Buy, hold, sell: James Hardie, NextDC, and WiseTech shares

A man in his 30s with a clipped beard sits at his laptop on a desk with one finger to the side of his face and his chin resting on his thumb as he looks concerned while staring at his computer screen.

There are plenty of ASX shares to choose from on the local market.

To narrow things down, let’s see what analysts are saying about three big names, courtesy of The Bull.

Are they buys, holds, or sells this week? Let’s find out:

James Hardie Industries PLC (ASX: JHX)

The team at DP Wealth Advisory has named James Hardie as an ASX share to sell this week.

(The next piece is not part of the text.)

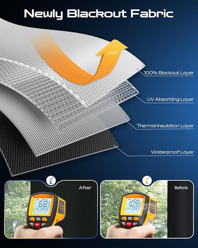 - Full-Scene Portable Application - The blackout curtain is compact and lightweight when folded, suitable for carrying during travel, camping, or temporary hotel shading. It supports multi-panel hook-and-loop splicing with a 5 cm overlap to cover extra-wide windows. Whether for bedroom sleep, living room movie viewing, office partitions, or RV space renovations, it meets diverse scene requirements

It has concerns about the company’s exposure to a struggling housing construction market in the US and increasing cost of living expenses. It explains:

This Australian building materials company generates most of its revenue in the United States. The acquisition of US decking business AZEK for $US8.75 billion has left the market concerned about earnings risk in response to a flat housing construction market in the US and increasing cost of living expenses. The structure of the contentious acquisition left angry Australian investors without a vote on the deal. Too much uncertainty exists about the company’s outlook.

NextDC Ltd (ASX: NXT)

Dolphin Partners Financial Services has named data centre operator NextDC as a hold this week.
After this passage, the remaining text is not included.